Новые тренировки, в которых Юра не забывал воображать то же самое, что и прежде — Вселенную размером с себя и себя размером со всю Вселенную. Но все равно каждый новый прыжок вместо выдоха «Зевс!» приносил болезненный железный грохот, от которого сами собой дрожали еще недавно победные мышцы.

Надо еще вот над чем поработать… — принимался советовать тренер.

Юра внимал его советам. Однажды после особенно тяжкой тренировки он даже на мгновение увидел в зеркале вместо своего привычного отражения улыбающуюся мордочку Олимпийского Мишки. «Значит, я уже подошел, я уже — Там», пронеслось у него в голове быстрее, чем лицо приняло свой привычный облик.

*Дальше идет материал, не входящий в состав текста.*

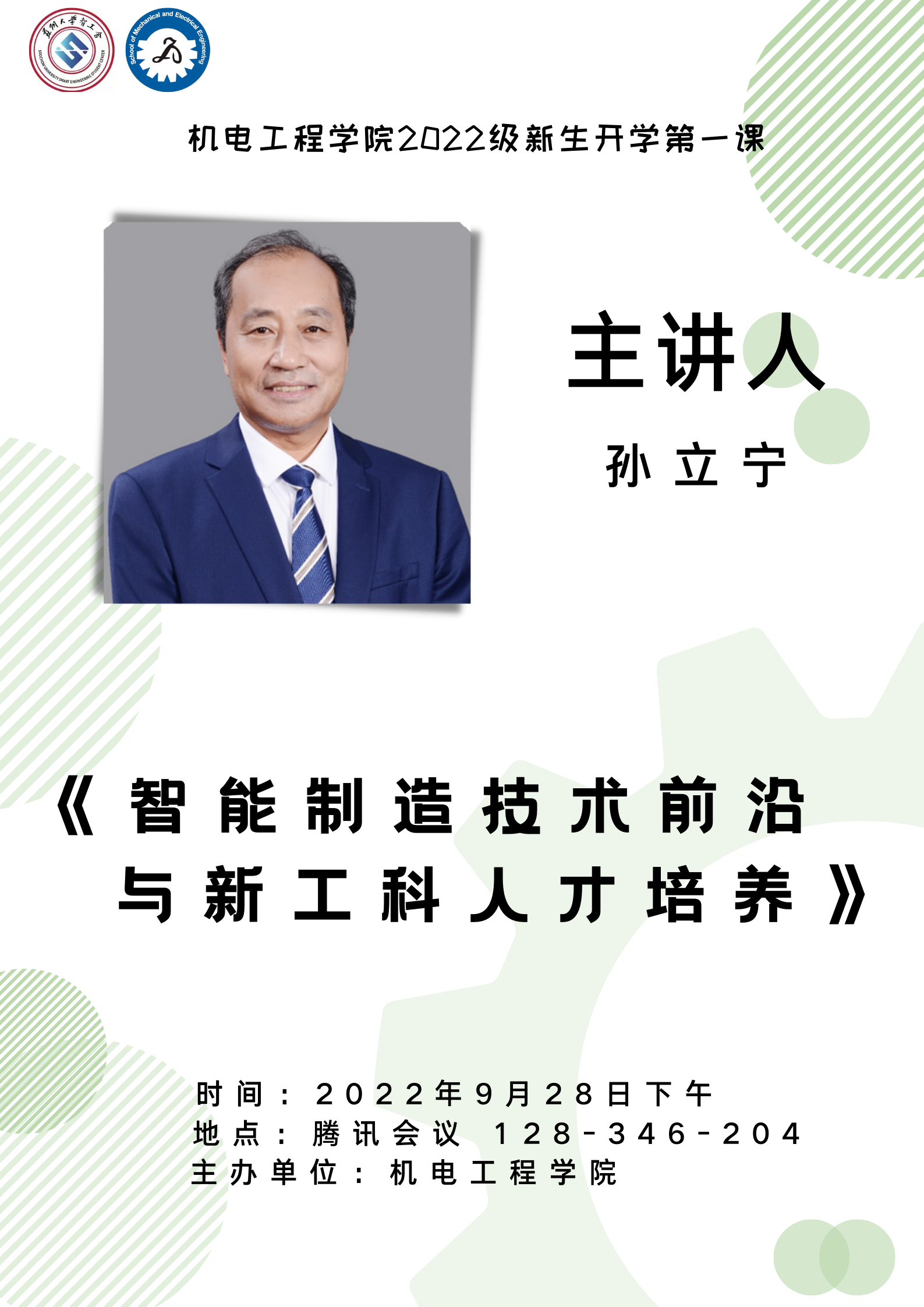 机电工程学院新生第一课:《智能制造技术前沿与新工科人才培养》

Новый прыжок Юра совершал с замершим сердцем. Его уши чуть не вывернулись наизнанку, готовясь вобрать в себя порцию мерзкого железного грохота. Когда ноги коснулись мягкой поверхности мата, Юрка застыл в нерешительности. Он ожидал, что вот-вот его настигнет гром, исходящий от не принявших атлета небес. Но грома не было. Тут же взгляд выцепил тренера, радостно спешившего к нему.

Зе-е-евс!!!!!!!!!!!!! — отозвалось нутро.

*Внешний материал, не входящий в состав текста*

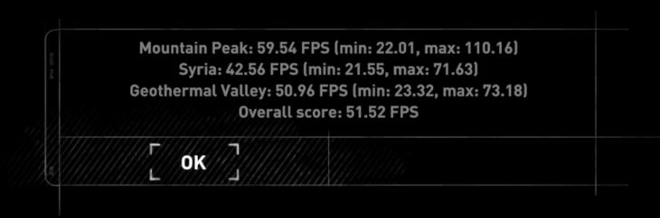 在中等畫質的測試中,平均幀數為 51.52 FPS。

Столб воздуха вознесся ввысь, подкинув Юрия до вершины Олимпа. Он снова увидел дворец-башню с рвущимся к небесам огненным фонтаном. Юра стоял у самой обжигающей огненной струи, и возле себя он увидел Его, олимпийского мишку. Мишка обнял его своими мягкими лапами. По движению медведя Юра ощутил, что они сейчас войдут в пылающую струю и понесутся вместе с ней вверх, разойдутся по просторам Вселенной, объяв ее.

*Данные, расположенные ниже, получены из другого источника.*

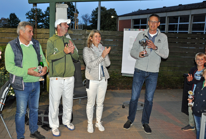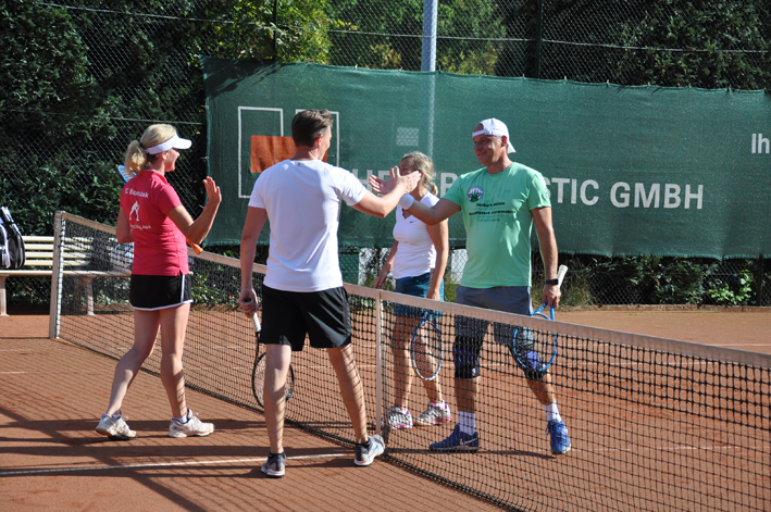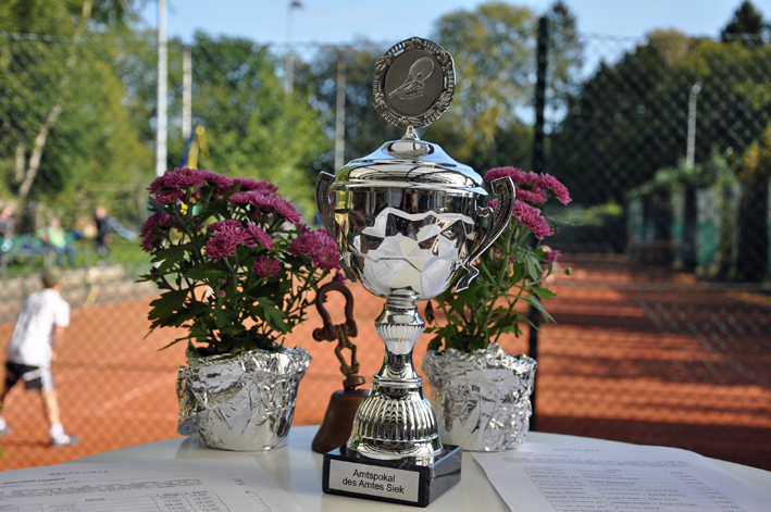 Der Amtspokal 2019, war nach dem Hoisdorfer Jugendturnier das zweite große Tennis-Highlight, das innerhalb von nur 8 Tagen auf unserer Anlage stattgefunden hat. Die Vorbereitungen liefen seit Tagen auf Hochtouren, so dass um Punkt 9 Uhr am 14.9. die ersten vier Spiele parallel stattfinden konnten. Und das, obwohl es bei unserem Team noch zwei kurzfristige und gesundheitlich bedingte Absagen gegeben hat, die dann durch neue Spieler sehr gut kompensiert werden konnten. Vielen Dank für den spontanen Einsatz! Dann der Startschuss. Insg. 36 Spiele mussten zwischen Titelverteidiger TC Siek, TC Brunsbek und TC Hoisdorf absolviert werden. Auf den Plätzen durften wir alles erleben. Spannende Spiele, knappe Entscheidungen, Emotionen und auch Diskussionen. Nach fünf gespielten Runden (20 Spiele) haben wir zum ersten Mal mit 2 Punkten in Führung gelegen. Hoisdorf 8 Siege, Brunsbek u. Siek je 6. Dann wurde es den gesamten Nachmittag über richtig spannend! Nach sechs Runden lautete der Zwischenstand 8/8/8, nach siebeneinhalb Runden bzw. 30 absolvierten Partien 10/10/10. Dramatik pur! Die Entscheidung zu Gunsten der Gastgeber fiel erst im 33. Spiel. Mit dann bereits 13 Siegen und der günstigen Konstellation der restlichen Spiele zwischen den drei Kontrahenten, war uns Hoisdorfern der Titel nicht mehr zu nehmen. Das letzte Spiel des Tages wurde auf Platz 1 bereits unter Flutlicht ausgetragen. Es war das Mixed zwischen Siek und Hoisdorf. Die Spannung war insofern noch hoch, da Brunsbek sich bei einem Hoisdorfer Sieg noch Chancen auf Platz 2 ausgerechnet hatte und die Hoisdorfer Mixed-Paarung Katja / Julian zu dem Zeitpunkt nicht wusste, dass während derem Spiel der Titelgewinn im Einzel Damen 50 bereits fix gemacht wurde. Das Mixed war dazu eines der besten Spiele des Tages und jeder Ballwechsel wurde von den vielen Zuschauern frenetisch gefeiert. Danach gab es bei guter Laune wie gewohnt Sekt für alle auf der Terrasse des Cubhauses. Daran im Anschluss dann die Siegerehrung, die in diesem Jahr von unserem 1. Vorsitzenden Sven vorgenommen werden musste, da aufgrund eines Mißverständnisses kein „Offizieller“ anwesend sein konnte. Fazit: Heute passte einfach alles. Sportwartin Svenja konnte ein tolles und stark aufspielendes Team zusammenstellen, die Herren 5o-Teams sorgten für eine gute und ausreichende Bewirtung und das Wetter war fast hochsommerlich. Außerdem war es wie in jedem Jahr ein nettes und freundschaftliches Zusammenwirken der drei Tennisclubs! Wir freuen uns bereits heute auf das kommende Jahr in Brunsbek, wenn der Amtspokal quasi sein „40-jähriges Jubiläum“ feiert. Fotos siehe unten

Под ногами снова образовалась серая гладь мата. Юра снова стоял на земле.

Все, теперь на олимпиаду! — кричал тренер, — Я не сумел в твои годы, значит ты сумеешь!!!

Он еще долго кричал, обнимал Юрия, едва ли не пускался с ним в пляс. Но Юрию сейчас было не весело. Ведь он вернулся обратно, в этот пропахший потом зал, не оставшись там, где он только что побывал. Отчего это? Отчего Олимпийский Мишка отправил своего атлета обратно, словно тот и не сделал своего прыжка, не выдохнул душу вместе с криком «Зевс!!!!!!!»?!

Но делать было нечего. Оставалось лишь повторить свой прыжок. И Юра собирался на очередную олимпиаду. С сумкой на плечо он отправился в аэропорт, и вскоре оказался в чужой стране, среди чужих лиц и чужих журналистов, пишущих на нерусском языке. Впрочем, ему ли ко всему этому было привыкать? Юрий только отметил, что ему очень не понравился символ этой олимпиады. Им была какая-то водная тварь, ни то крокодил, ни то рыба. В памяти сразу всплыла детская сказка про поединок медведя с крокодилом. Там медведь победил.

Вскоре Юра оказался в домике олимпийской деревни, которых за свой короткий век он перевидал множество, все они были похожи один на другой, и он мог бы обойти этот новый домик даже с закрытыми глазами. Упражняться в этом искусстве не было времени. Надо было тренироваться в главном. И Юра тут же принялся тренироваться, следуя все тому же совету старого тренера. Работая с необходимыми мышцами, Юрий воспроизводил в себе несметное множество миров, каждый из которых говорил ему о своей достаточности, о том, что Юра уже пришел к тому, к чему продирался сквозь прожитые годы.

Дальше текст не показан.